The systems supported by the chassis, while essentially limitless,
can include a dish holding system 30, spray system 40,
recirculation system 50, drain system 60, water supply system 70,
drying system 80, heating system 90, and filter system 100. These
systems are used to implement one or more treating cycles of
operation for the dishes, for which there are many, one of which
includes a traditional automatic wash cycle.
A basic traditional automatic cycle of operation for the dishwasher
10 has a wash phase, where a detergent/water mixture is
recirculated and then drained, which is then followed by a rinse
phase where water alone or with a rinse agent is recirculated and
then drained. An optional drying phase can follow the rinse phase.

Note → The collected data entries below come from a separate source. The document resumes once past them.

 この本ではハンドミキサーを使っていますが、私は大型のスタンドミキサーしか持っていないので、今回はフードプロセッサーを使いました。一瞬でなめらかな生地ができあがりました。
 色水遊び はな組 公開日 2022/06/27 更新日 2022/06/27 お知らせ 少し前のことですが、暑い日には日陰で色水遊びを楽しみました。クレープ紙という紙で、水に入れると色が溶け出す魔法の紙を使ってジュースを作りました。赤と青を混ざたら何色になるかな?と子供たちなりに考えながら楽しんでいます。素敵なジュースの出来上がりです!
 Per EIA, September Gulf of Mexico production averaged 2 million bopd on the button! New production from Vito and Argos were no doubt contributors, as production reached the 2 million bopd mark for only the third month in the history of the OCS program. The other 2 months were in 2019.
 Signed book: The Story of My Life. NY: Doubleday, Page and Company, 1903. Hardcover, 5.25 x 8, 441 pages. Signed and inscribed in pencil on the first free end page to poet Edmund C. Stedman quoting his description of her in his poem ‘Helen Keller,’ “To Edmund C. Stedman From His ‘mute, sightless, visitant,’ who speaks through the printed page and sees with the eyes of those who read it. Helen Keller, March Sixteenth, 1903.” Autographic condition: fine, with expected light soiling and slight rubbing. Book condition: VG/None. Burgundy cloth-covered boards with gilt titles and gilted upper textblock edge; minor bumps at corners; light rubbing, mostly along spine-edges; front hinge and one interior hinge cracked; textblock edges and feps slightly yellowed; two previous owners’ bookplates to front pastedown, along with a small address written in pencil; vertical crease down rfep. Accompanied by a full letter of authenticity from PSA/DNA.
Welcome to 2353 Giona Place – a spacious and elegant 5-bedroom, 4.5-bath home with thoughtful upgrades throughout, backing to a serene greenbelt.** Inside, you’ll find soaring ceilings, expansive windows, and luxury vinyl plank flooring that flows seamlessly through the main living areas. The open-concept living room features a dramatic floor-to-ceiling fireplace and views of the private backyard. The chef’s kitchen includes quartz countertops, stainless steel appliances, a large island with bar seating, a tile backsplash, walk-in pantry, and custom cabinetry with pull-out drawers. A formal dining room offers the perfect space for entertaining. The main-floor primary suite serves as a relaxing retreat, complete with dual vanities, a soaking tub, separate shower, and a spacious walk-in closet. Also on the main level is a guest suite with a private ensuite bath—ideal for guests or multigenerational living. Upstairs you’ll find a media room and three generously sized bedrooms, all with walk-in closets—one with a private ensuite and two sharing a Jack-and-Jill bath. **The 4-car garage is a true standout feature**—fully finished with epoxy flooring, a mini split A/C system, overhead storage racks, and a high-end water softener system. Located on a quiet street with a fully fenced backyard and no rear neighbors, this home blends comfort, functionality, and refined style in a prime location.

More commonly, the automatic wash cycle has multiple wash phases
and multiple rinse phases. The multiple wash phases can include a
pre-wash phase where water, with or without detergent, is sprayed
or recirculated on the dishes, and can include a dwell or soaking
phase. There can be more than one pre-wash phases. A wash phase,
where water with detergent is recirculated on the dishes, follows
the pre-wash phases. There can be more than one wash phase; the
number of which can be sensor controlled based on the amount of
sensed soils in the wash liquid. One or more rinse phases will
follow the wash phase(s), and, in some cases, come between wash
phases. The number of wash phases can also be sensor controlled
based on the amount of sensed soils in the rinse liquid. The
amounts of water, treating chemistry, and/or rinse aid used during
each of the multiple wash or rinse steps can be varied. The wash
phases and rinse phases can include the heating of the water, even
to the point of one or more of the phases being hot enough for long
enough to sanitize the dishes. A drying phase can follow the rinse
phase(s). The drying phase can include a drip dry, a non-heated
drying step (so-called "air only"), heated dry, condensing dry, air
dry or any combination. These multiple phases or steps can also be
performed by the dishwasher 10 in any desired combination.

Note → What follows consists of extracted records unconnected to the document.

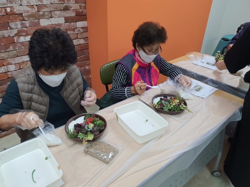 어르신 평생학습 공개강좌 <다육이 화분 만들기>를 진행하였습니다.
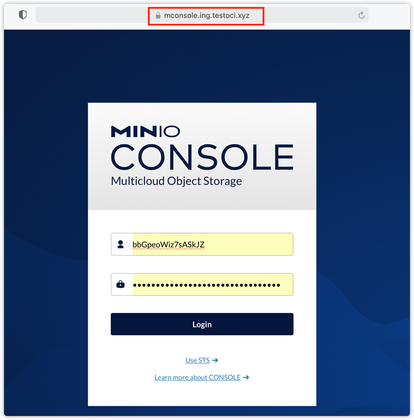租户的管理用户名和密码。将这些凭据存储在安全位置,例如受密码保护的密钥管理器。MinIO不再显示这些凭据。
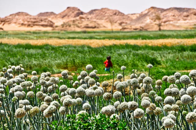 A hetedik ellenőrző pontnál végre elértük Kharga oázis első települését, melyet Bagdadnak hívnak. Jellegzetes egyiptomi falu, poros utcákkal, négyszögletes, fehér vagy vörös téglás, vakolatlan, földszintes, lapos tetős házakkal. Az utcák, déli idő lévén kihaltak. Innen már csak 60 km-t kellett autóznunk El Khragáig, az oázis fővárosáig. Az út Kharga egyetlen útja, észak-déli irányban fut a keskeny oázison keresztül. Jobbra a sivatag be-betör a falvak és a termőföldek közé. A földeken hagyma, zöldség, kevés búza terem. Balra datolyapálmák sűrű erdeje látható. Az egyes földeket pálmalevélből font kerítések választják el egymástól és a sivatagtól. Messzebb a Líbiai sivatag sárga homokhegyei ragyognak a napsütésben.
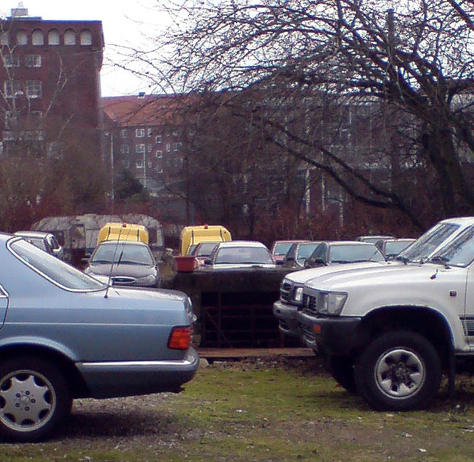Im Hintergrund ist auf dem oberen Bild der LS-Turm Gablenzstraße erkennbar, vorne auf dem Autostellplatz mittig ist ein erhaltenes Eingangsbauwerk des "Gablenz-Tiefbunkers" zu sehen. Zu diesem Bunkerobjekt:
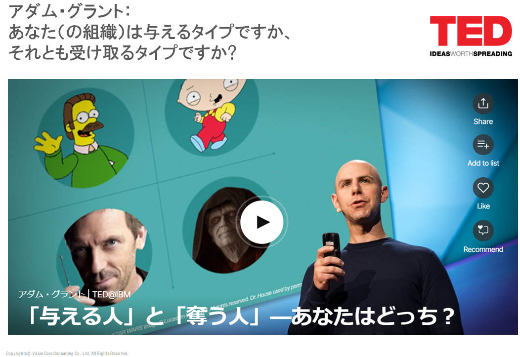 【参考動画】 アダム・グラント:あなた(の組織)は与えるタイプですか、それとも受け取るタイプですか?
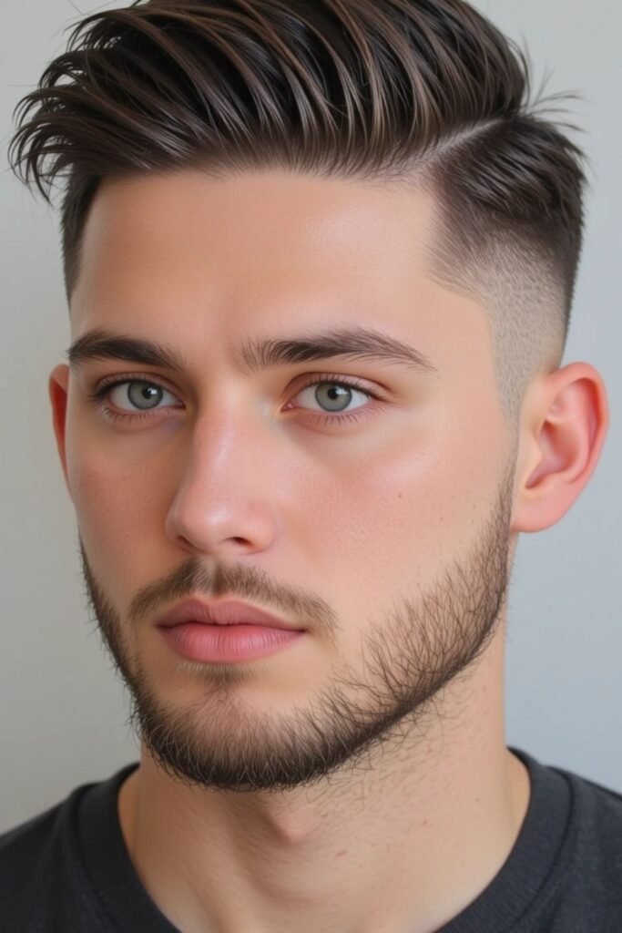 This style works beautifully for men with full beards. It enhances facial structure and gives a rugged yet polished finish that performs well on grooming boards.
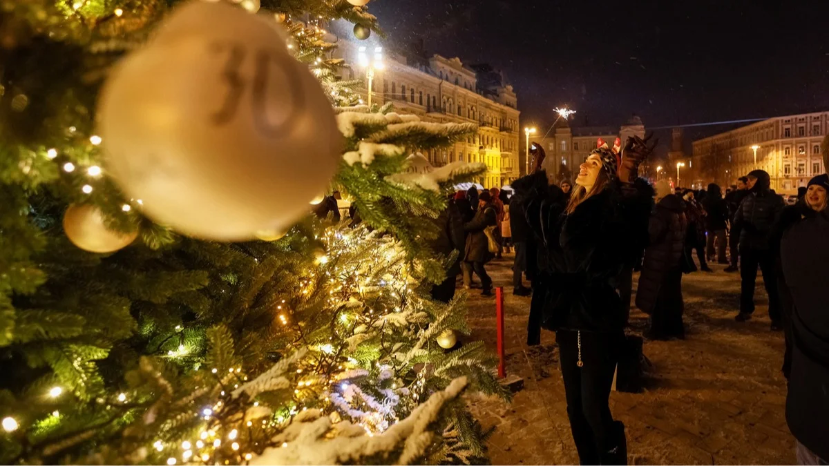 Люди собираются у новогодней ёлки, чтобы отпраздновать наступление Нового года перед введением комендантского часа на Софийской площади в Киеве, Украина, 31 декабря 2025 года. Фото: Gleb Garanich / Reuters / Scanpix / LETA
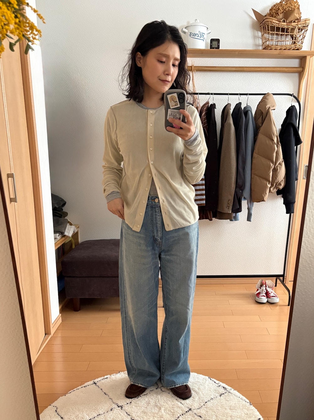 お気に入りのデニムと春色カーディガン♡
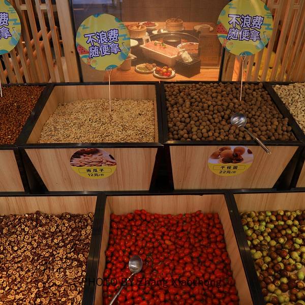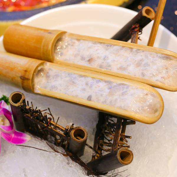 晚餐照旧安排了火锅,店铺位于解放碑商圈附近,在这周边逛街游玩的都很方便到达这里。门面很大,装修风格应该属于简约吧,在重庆火锅店中算是一种清流,视觉上清清爽爽,也没有油烟味,不太用担心吃完火锅一身味。进门就看到好几个大桶装满了免费的零食,非常的豪爽,有种大丰收的喜悦之感。有几个明档做着一些点心小吃,我们点了牛筋,熬制的劲道入味。熟食还有凤爪等,我们因为胃口不大而没点,下次去要再试试。每次吃重庆火锅必点的酥肉和红糖糍粑。这家店的酥肉属于干硬类型的,肥瘦相间,不油腻。红糖糍粑非常的糯,红糖味道突出。这两道是我每次吃火锅的保留菜,我还是很满意的。这家店的特色是鲜毛肚。非常原生态的毛肚活脱脱的拿到你面前,那个小推车的感觉真有点像在吃北京烤鸭,就在你面前片。你要半斤还是一斤,旁边有个电子秤可以精准的测量。被片下来的毛肚会放在苏打水中,店员解说这样可以更好的保鲜保脆,这可能是我吃过最奢华的毛肚了。在毛肚制作过程中,店员会解说关于毛肚的一些小知识,瞬间感觉自己不是在仅仅吃毛肚,而是在吃重庆火锅文化。
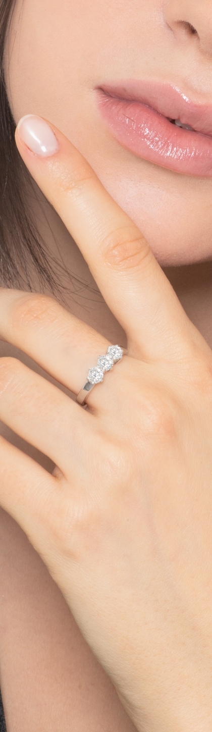 Anillo trilogy en oro blanco 18k con diamantes 0.90 ct
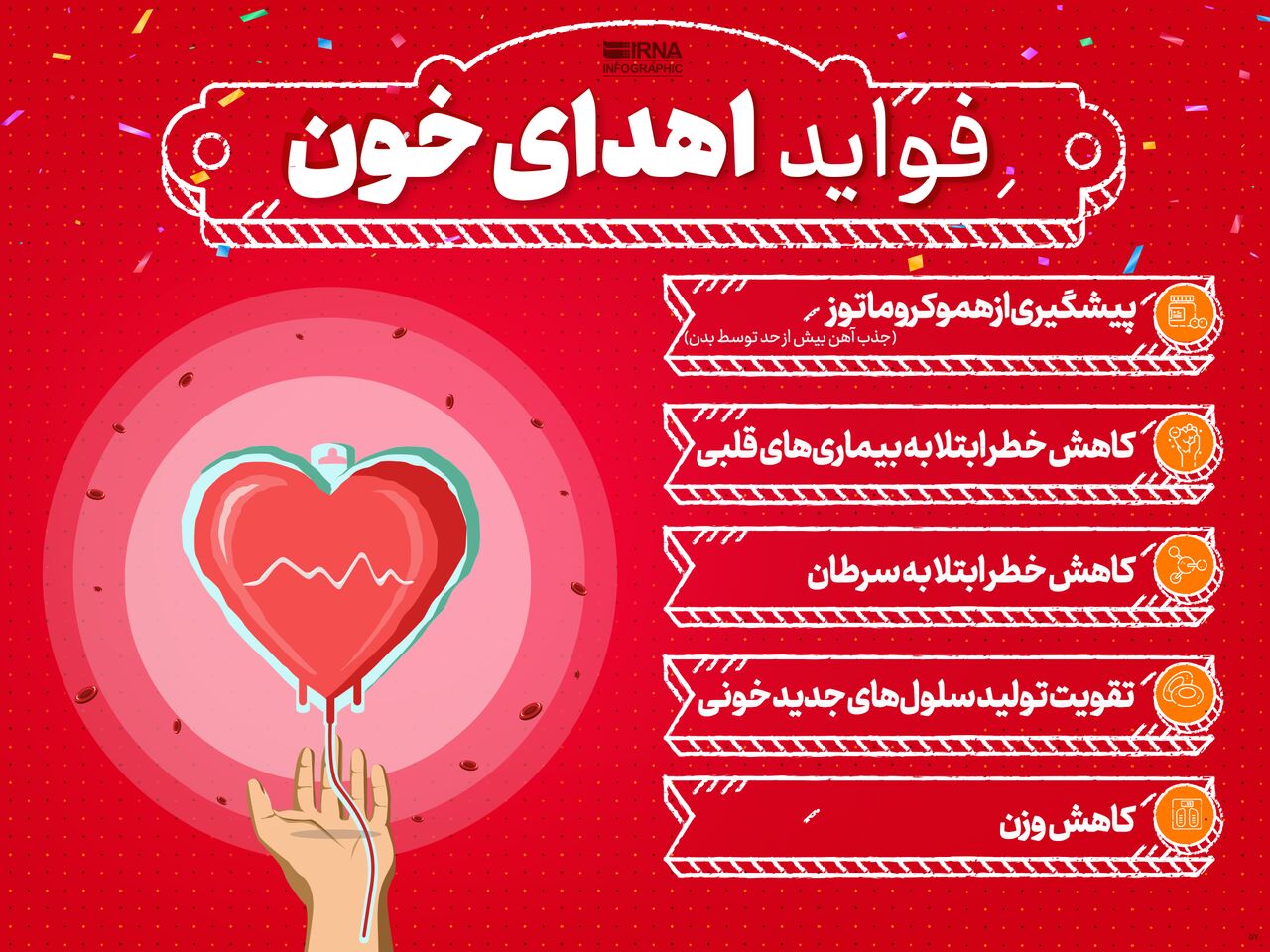 برخی فواید اهدای خون شامل پیشگیری از هموکروماتوز(جذب آهن بیش از حد توسط بدن)، کاهش خطر ابتلا به بیماریهای قلبی، کاهش خطر ابتلا به سرطان، تقویت تولید سلولهای جدید خونی و کاهش وزن میشوند./ایرنا

A controller 22 can also be included in the dishwasher 10 and
operably couples with and controls the various components of the
dishwasher 10 to implement the cycles of operation. The controller
22 can be located within the door assembly 20 as illustrated, or it
can alternatively be located somewhere within the chassis. The
controller 22 can also be operably coupled with a control panel or
user interface 24 for receiving user-selected inputs and
communicating information to the user. The user interface 24 can
provide an input and output function for the controller 22.

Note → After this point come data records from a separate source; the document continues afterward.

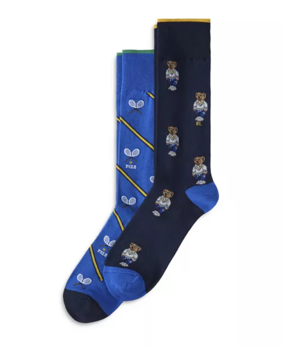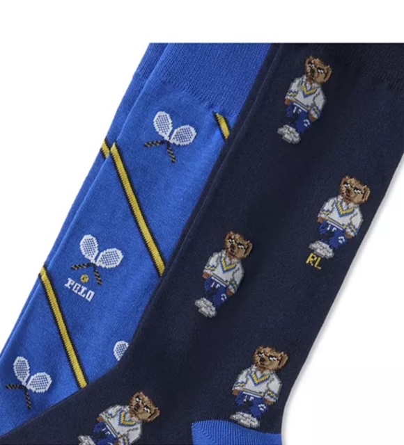 Ralph Lauren Tennis Club Polo Mini Bears Men's Dress Socks Size (10-13) 2-Pack NWT's Shipping 2-3 Days For Delivery By USPS Mail.
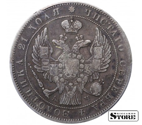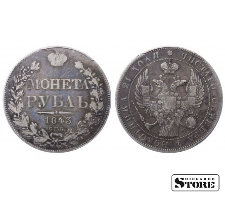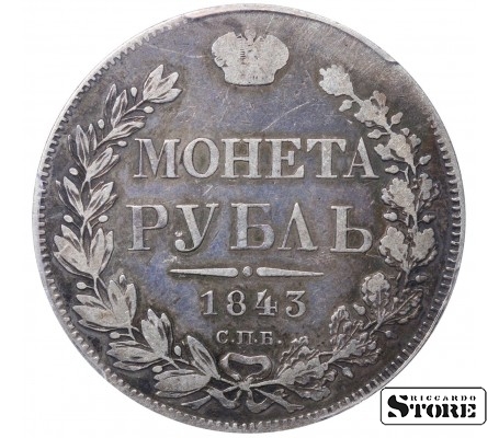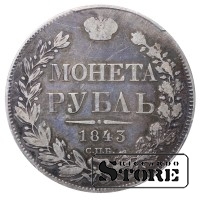 Krievijas Impērijas monēta ar nominālu 1 rublis, izdota 1843. gadā Sanktpēterburgas kaltuvē imperatora Nikolaja I (1825–1855) valdīšanas laikā. Materiāls — sudrabs, svars 20,73 g. Sertifikāts PCGS ar novērtējumu VF Detail.
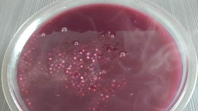 Quando as bolinhas do sagu comecarem ficar grandes e transparentes coloque os sachês de suco de uva, mexa bem.
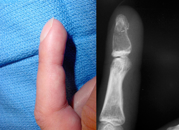 A 38-year-old woman presents with mild swelling and occasional discomfort in her left index finger for the past 6 months. She denies any trauma, fever, or constitutional symptoms. On examination, there is a firm, non-tender swelling over the distal phalanx. There is no redness or warmth. X-ray of the hand is shown below.
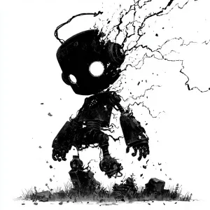 «A small black silhouette of a robot that looks like a wall-e get...»
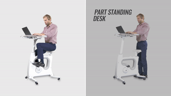 特徴として机部分の高さ調節が瞬時にでき、さらに前後の調節も可能で、時にはスタンディングデスクとしても使えます。またバイクの椅子部分にも引き上げだけで上下できる調節レバーが付いています。
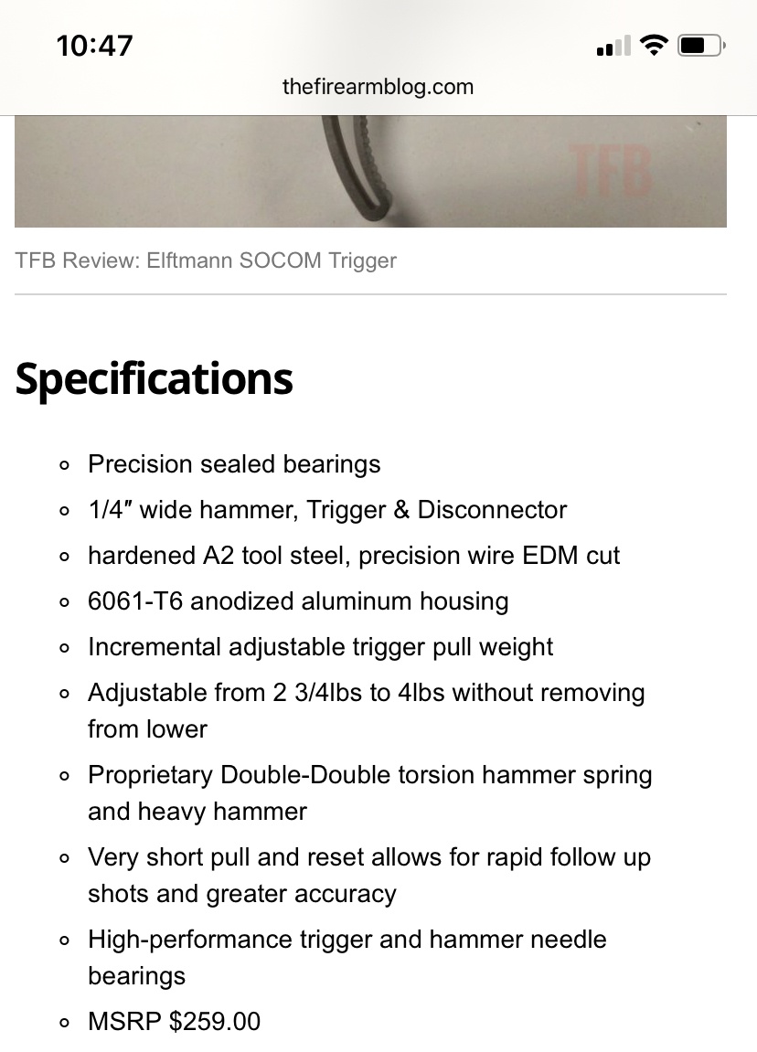 The ELF SOCOM is a five-star trigger. I find no fault with it. A zero take-up trigger with a clean crisp break. The reset is pronounced but smooth. The sealed bearings allow smooth and fast movement of the trigger and hammer. The price point may get some, but you will notice the difference to other drop-in triggers every time it is taken to the range.

The user interface 24 can include operational controls such as one
or more knobs, dials, lights, switches, displays, touch screens and
the like for communicating with the user, such as enabling a user
to input commands, such as a cycle of operation, to the controller
22 and to receive information, for example about the selected cycle
of operation. For example, the displays can include any suitable
communication technology including that of a liquid crystal display
(LCD), a light-emitting diode (LED) array, or any suitable display
that can convey a message to the user. The user can enter different
types of information including, without limitation, cycle selection
and cycle parameters, such as cycle options. Other communications
paths and methods can also be included in the dishwasher 10 and can
allow the controller 22 to communicate with the user in a variety
of ways. For example, the controller 22 can be configured to send a
text message to the user, send an electronic mail to the user, or
provide audio information to the user either through the dishwasher
10 or utilizing another device such as a mobile phone.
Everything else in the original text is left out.